Eventually, she left the wholesale circuit, moved into galleries and juried shows, and cut back on travel. Before that, she had done a dozen retail fairs a year, packing tubs, renting vans, and even driving into armories to unload. Today, she keeps it local, Wickford Art Festival every July (three decades running) and a handful of nearby events. The shift is less about reinvention than about pacing: the work continues, the logistics change.

Faces are the constant. As a child, she drew self-portraits; as an adult, she cast friends, poets, and strangers, turning plaster molds into clay masks. One early casting, a woman who worked above a Newport gallery, became a recurring presence. “People always wanted her face,” Barber says. She still uses the mold decades later, building new worlds around it: floral headdresses, dragon motifs, broken pottery mosaics. A single face remains stable while everything around it changes.
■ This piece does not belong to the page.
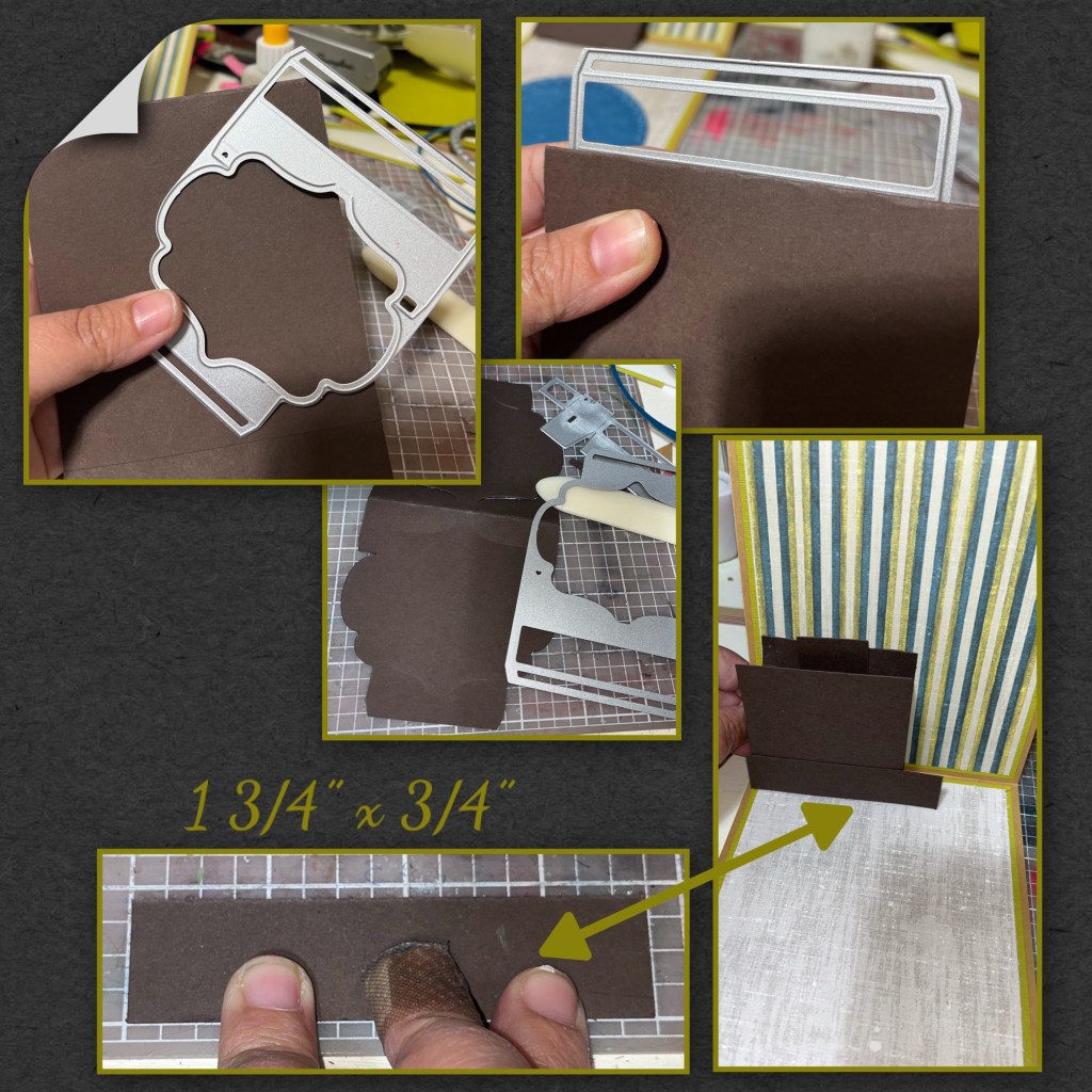 To make the bed I used the Lorna Label dieset. I folded a piece of cardstock in half and lined the die up with the folded edge as shown to double it up. I was planning on attaching the Lorna Label to the Parcel Pop up but the Parcel Pop up wasn’t wide enough along the bottom. So I had to add the strip as shown.

Her method for masks is direct. After casting, she presses clay into the mold, lets it firm, then removes and repairs the impression, altering noses, opening eyes, adjusting lips. Larger masks get a lace “headdress” framing the face. Many begin with a simple move she repeats without explanation: a rope-like ring under the chin. From there, the additions vary: pea pods, leaves, birds, or an encircling dragon. Color comes late and by feel. She keeps dozens of glaze jars on hand and chooses in the moment. Some pieces end up saturated; others are white on white, closer to bone than paint.

The animals, dragons, sea creatures, and composite beings are built in parts, heavy and hollow. The weight dictates engineering: where to lift, how to join the head last, and when to ask a friend to help load the kiln. Nothing about that description is glamorous, but it is the kind of detail you can see in the finished objects: seams resolved, mass supported, a head that looks truly set on a body.
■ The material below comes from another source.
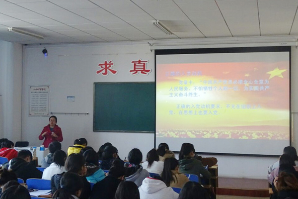 第四讲庞维荣以“加强理论学习,提升政治素养”为题,从党的理论知识体系,具体阐述了党的性质、纲领、指导思想,党的最高理想和最终目标,党的思想路线、党的建设及基本问题等一系列基本知识,再到党的基层组织及成立条件,并说明申请入党的基本要求、发展党员基本原则及发展党员的程序等,她强调,要想成为一名合格的共产党员,首先要做一名优秀的大学生,努力学习知识、学习技能、学习做人,提升自身综合素质;要想成为一名合格的共产党员,要积极发挥党员应有的作用,用自己的实际行动为同学、为学校、为社会贡献自己的力量。

Barber resists broad claims about the art world. She doesn’t rank eras or trends and avoids debates about evolution versus decline. Standards, she says, are subjective. A recent juried show in Mystic made the point for her: the painting she thought would win first prize received an honorable mention; she was simply glad to be included. The opinion that matters most is the one that keeps you working tomorrow.
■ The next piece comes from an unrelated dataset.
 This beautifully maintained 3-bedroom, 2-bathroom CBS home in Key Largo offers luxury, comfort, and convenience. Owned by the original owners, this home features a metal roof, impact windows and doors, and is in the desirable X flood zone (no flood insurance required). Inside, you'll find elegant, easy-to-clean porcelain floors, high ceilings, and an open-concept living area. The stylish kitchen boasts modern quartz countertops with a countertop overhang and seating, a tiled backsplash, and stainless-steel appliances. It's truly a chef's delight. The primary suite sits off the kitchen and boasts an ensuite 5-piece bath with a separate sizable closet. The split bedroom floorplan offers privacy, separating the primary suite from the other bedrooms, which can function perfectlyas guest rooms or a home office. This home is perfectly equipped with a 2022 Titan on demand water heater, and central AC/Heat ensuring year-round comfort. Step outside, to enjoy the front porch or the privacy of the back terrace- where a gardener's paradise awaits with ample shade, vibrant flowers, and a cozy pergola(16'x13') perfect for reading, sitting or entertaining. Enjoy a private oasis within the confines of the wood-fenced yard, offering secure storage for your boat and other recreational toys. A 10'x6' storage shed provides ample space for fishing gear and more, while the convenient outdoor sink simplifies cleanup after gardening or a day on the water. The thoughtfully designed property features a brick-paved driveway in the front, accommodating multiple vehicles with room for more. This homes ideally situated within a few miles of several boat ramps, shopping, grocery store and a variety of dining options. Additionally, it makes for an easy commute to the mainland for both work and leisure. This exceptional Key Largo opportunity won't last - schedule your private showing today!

On copying, she is clear. An eighth-grade teacher once told her, “You’ll never become an artist if you copy.” She took the advice to heart. Influence is fair; she borrowed lace impressions from a peer years ago and made them her own, but a one-to-one lift is not. The difference, in her telling, is obvious once you’re at the table making actual decisions in clay and glaze.

Barber also experiments beyond clay. She assembles reliquary-like boxes with found objects, broken ceramics, and color fields, a parallel practice guided by the same rule as her masks: internal logic first, plan second. She collects kimonos and other textiles, not to signal a theme but because their patterns and histories feed surface and structure. She shrugs off explanations that reach too far. The studio shows what she means.

Some of her best stories come from the difficulties of face casting: gallery owners who panicked mid mold, a young boy so frightened by the process that his finished mask captured fear itself. She solved the problem by adding a dragon that reaches toward the eye, converting panic into narrative. The piece stayed with the family. It is hard to think of a better example of what these works do when they leave the studio: they carry the residue of an encounter and let viewers finish the meaning.

This exhibition shows the results of that steady approach. Stand in front of them and you’ll notice the small decisions: where texture stops, how a lace edge turns a corner, the way a rope line under a jaw sets the face. The animals nearby extend the same discipline into motion and mass.

Walking out, the tranquil night felt noisy. In a season full of voice, Hunters Gallery has given us a room where looking is the point, and the work looks back.